> [Exercise objective] Skip pictures in the listing below; copy exactly the lines from the one with "2.鍋中放油,燒熱,爆香蒜末和剁椒。" through the one with "Endo Laboratories 1959", inclusive.

> [Data records]

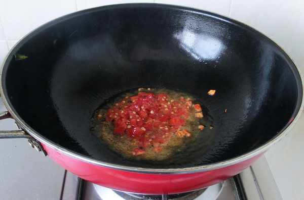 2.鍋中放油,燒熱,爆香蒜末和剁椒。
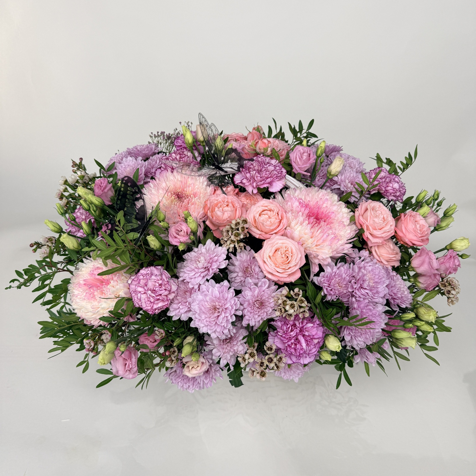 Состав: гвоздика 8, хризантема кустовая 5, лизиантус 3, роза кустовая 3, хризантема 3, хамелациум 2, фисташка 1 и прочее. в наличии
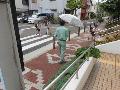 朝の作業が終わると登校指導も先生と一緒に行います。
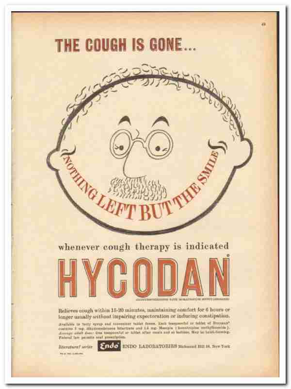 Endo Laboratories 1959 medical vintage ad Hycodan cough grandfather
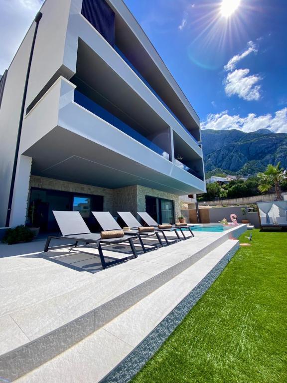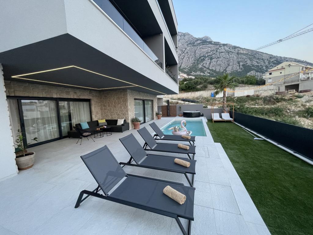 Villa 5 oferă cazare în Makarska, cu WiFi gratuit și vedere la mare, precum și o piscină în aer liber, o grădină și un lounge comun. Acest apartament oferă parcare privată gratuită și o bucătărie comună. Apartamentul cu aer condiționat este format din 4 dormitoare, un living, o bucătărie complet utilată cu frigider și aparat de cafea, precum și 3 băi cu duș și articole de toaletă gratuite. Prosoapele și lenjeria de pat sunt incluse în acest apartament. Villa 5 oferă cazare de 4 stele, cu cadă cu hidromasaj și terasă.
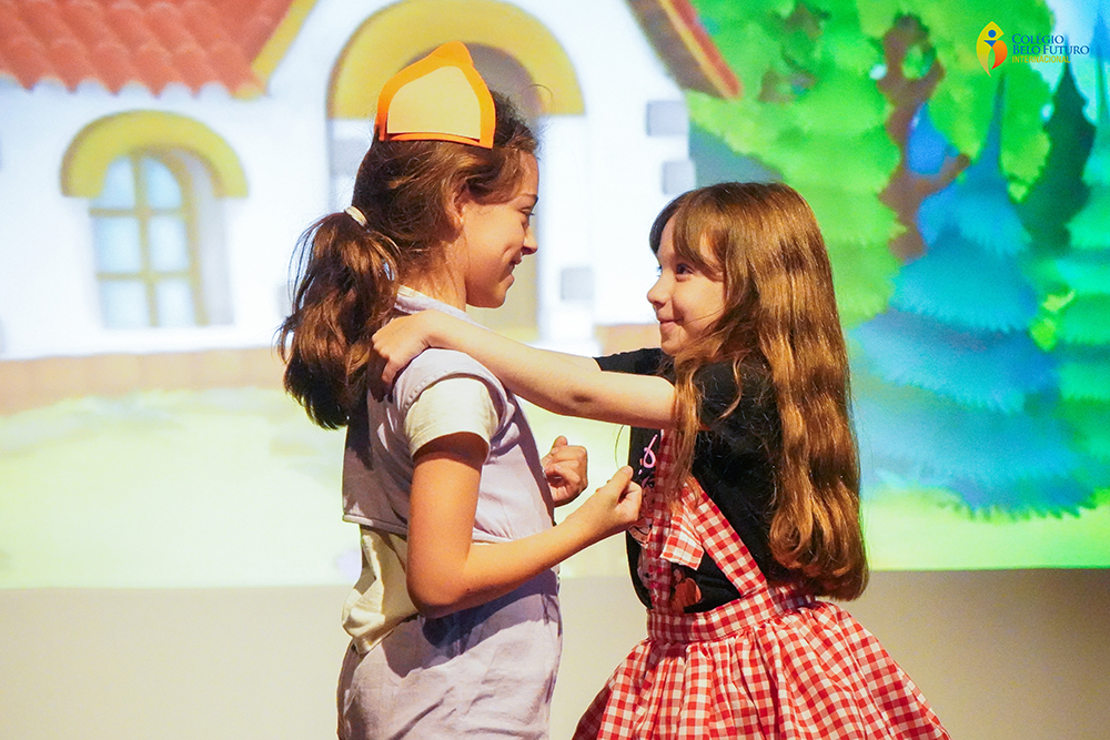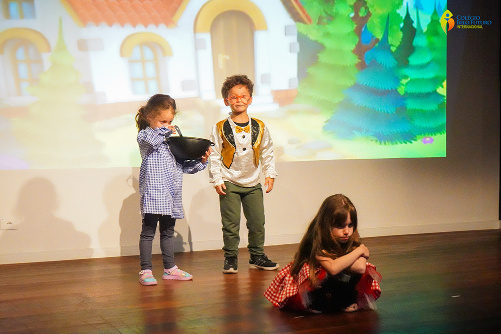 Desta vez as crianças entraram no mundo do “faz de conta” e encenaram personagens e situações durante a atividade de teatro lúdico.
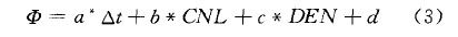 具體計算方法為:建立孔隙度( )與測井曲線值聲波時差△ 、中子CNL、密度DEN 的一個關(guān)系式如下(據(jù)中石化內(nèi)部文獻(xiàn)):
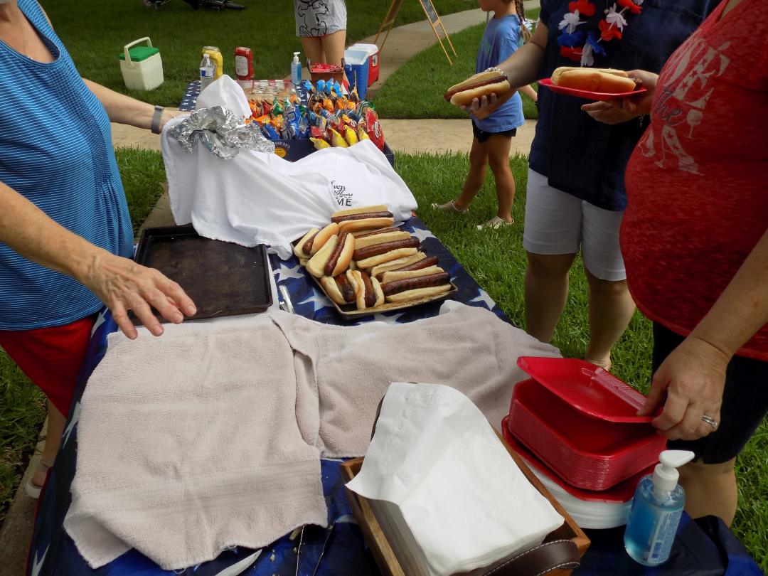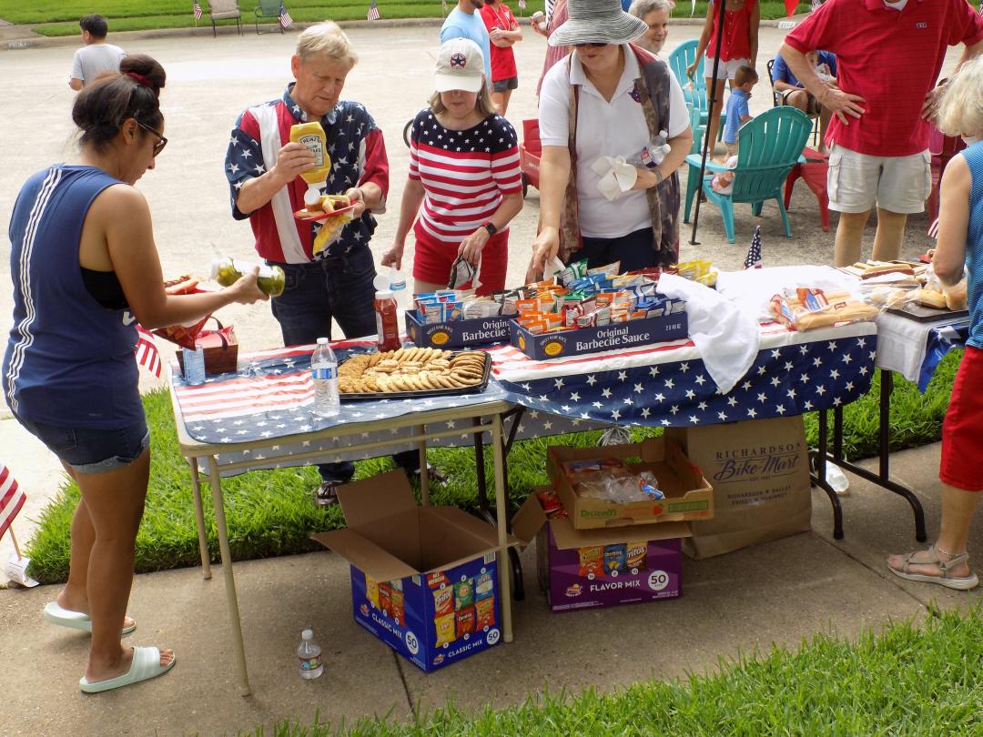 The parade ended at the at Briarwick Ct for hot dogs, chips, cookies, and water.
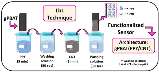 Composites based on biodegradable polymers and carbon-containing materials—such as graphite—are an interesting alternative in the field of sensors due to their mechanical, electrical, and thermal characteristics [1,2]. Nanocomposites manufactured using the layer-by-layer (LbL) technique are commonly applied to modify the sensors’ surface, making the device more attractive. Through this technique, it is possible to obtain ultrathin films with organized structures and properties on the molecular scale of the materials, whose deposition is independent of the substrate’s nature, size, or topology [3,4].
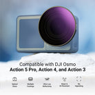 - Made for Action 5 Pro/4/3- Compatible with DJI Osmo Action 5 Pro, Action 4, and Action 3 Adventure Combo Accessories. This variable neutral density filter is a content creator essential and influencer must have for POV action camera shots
...
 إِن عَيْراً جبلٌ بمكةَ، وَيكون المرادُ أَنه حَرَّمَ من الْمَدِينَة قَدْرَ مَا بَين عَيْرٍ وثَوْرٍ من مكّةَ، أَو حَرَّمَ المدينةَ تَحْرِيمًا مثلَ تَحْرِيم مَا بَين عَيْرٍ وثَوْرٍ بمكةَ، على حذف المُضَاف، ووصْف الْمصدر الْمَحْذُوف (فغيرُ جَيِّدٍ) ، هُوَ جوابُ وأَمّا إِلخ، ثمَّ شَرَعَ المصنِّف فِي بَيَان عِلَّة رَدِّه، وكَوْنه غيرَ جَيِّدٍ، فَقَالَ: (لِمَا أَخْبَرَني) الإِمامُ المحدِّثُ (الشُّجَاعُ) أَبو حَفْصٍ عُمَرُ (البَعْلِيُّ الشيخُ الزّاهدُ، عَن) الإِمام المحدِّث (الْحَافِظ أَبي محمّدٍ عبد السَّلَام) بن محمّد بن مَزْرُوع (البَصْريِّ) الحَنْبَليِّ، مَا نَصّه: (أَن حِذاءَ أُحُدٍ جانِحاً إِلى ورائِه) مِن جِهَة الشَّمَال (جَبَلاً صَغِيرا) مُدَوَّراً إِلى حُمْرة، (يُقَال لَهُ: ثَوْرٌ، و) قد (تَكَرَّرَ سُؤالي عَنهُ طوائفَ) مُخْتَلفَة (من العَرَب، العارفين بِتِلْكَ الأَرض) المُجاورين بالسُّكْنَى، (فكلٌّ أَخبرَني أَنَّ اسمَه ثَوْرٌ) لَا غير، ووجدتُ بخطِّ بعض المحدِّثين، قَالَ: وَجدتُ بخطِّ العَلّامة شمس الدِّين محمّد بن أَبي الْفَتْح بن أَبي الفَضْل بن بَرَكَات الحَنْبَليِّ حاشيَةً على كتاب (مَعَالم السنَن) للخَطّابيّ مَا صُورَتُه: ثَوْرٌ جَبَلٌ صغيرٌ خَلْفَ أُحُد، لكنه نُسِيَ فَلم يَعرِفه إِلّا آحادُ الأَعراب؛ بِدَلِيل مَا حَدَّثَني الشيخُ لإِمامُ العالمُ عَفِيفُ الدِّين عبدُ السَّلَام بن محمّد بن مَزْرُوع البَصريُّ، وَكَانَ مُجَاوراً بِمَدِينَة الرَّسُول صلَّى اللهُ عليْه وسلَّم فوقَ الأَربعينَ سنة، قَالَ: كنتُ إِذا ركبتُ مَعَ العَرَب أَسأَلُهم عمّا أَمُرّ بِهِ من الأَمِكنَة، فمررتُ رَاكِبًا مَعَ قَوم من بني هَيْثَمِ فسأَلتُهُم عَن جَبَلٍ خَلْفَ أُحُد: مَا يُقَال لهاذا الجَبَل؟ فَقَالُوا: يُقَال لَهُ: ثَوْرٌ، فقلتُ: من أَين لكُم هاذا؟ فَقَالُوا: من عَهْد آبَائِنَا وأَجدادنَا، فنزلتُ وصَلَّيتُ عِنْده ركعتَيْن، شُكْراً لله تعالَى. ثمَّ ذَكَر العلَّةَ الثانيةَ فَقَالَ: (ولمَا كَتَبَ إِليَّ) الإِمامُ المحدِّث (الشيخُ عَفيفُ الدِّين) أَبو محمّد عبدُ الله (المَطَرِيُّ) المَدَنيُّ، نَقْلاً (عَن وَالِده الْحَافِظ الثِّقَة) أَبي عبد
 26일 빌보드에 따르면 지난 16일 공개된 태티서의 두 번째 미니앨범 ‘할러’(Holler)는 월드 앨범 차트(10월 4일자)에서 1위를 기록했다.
==
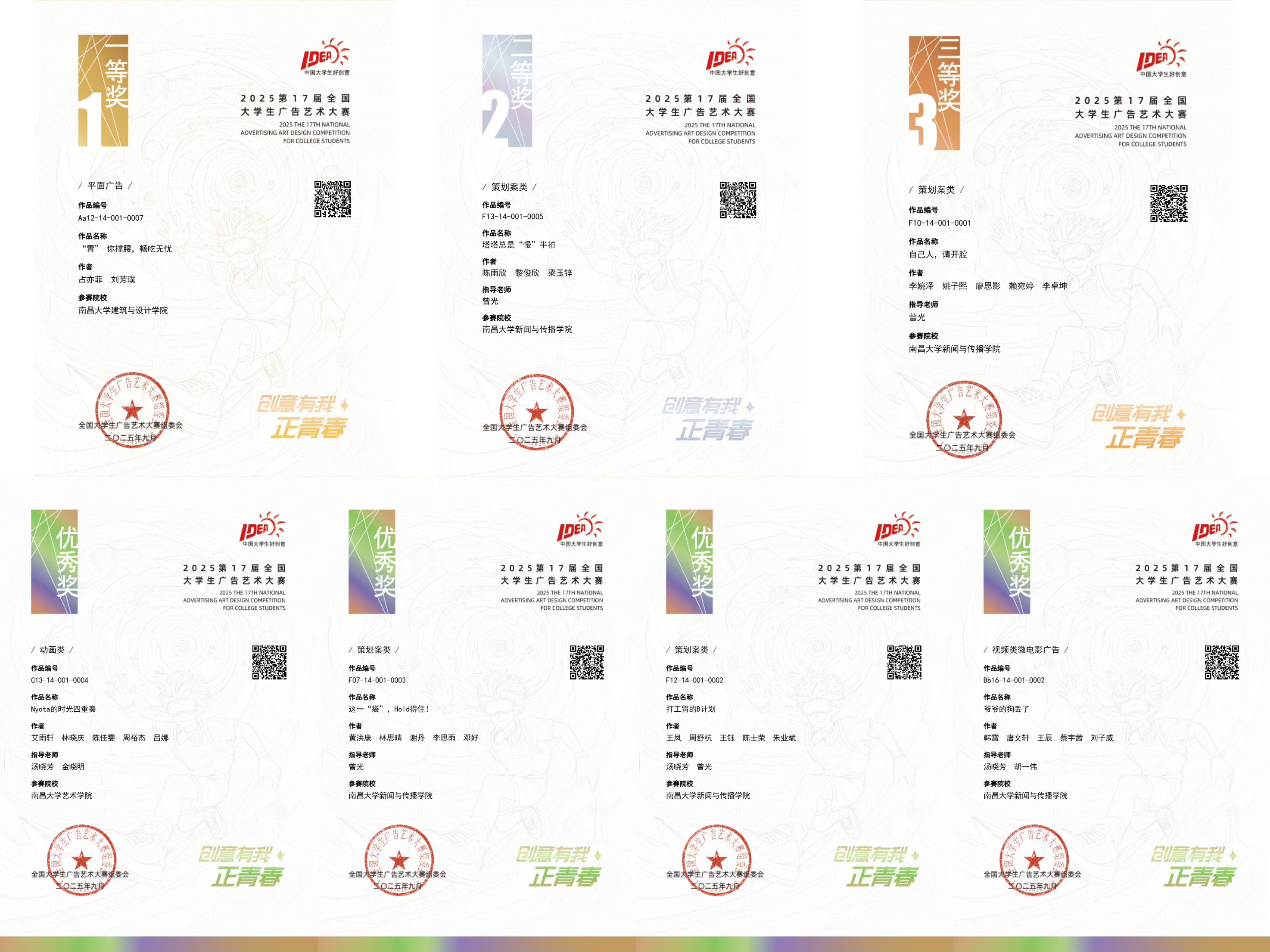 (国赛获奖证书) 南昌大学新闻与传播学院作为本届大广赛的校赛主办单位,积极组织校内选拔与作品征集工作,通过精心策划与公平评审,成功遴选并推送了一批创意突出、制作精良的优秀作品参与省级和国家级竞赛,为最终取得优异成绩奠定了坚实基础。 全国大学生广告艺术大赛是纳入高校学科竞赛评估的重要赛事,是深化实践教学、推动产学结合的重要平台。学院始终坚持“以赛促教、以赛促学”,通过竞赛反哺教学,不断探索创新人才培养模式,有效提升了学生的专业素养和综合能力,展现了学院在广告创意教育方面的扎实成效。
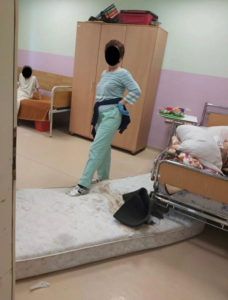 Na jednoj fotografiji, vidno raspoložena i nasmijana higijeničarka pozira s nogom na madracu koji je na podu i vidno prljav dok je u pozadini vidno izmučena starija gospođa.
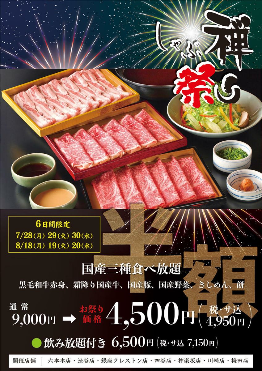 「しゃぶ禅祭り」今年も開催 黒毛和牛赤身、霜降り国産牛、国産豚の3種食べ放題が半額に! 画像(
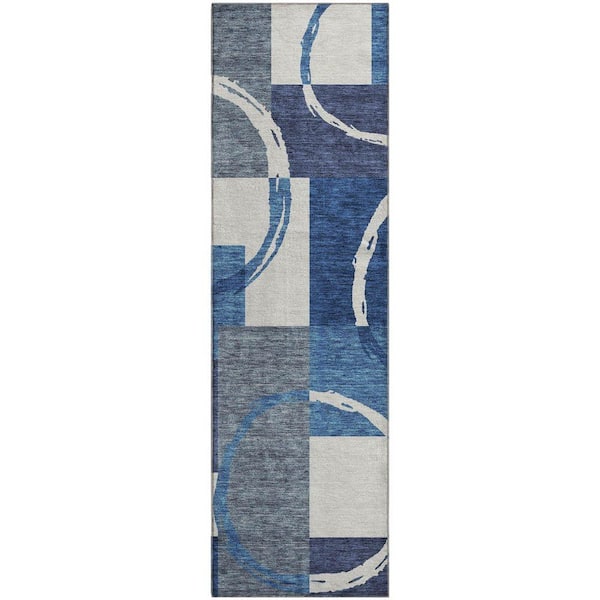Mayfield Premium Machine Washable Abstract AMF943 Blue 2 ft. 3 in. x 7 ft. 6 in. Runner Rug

> [Response to this exercise]
 2.鍋中放油,燒熱,爆香蒜末和剁椒。
 Состав: гвоздика 8, хризантема кустовая 5, лизиантус 3, роза кустовая 3, хризантема 3, хамелациум 2, фисташка 1 и прочее. в наличии
 朝の作業が終わると登校指導も先生と一緒に行います。
 Endo Laboratories 1959 medical vintage ad Hycodan cough grandfather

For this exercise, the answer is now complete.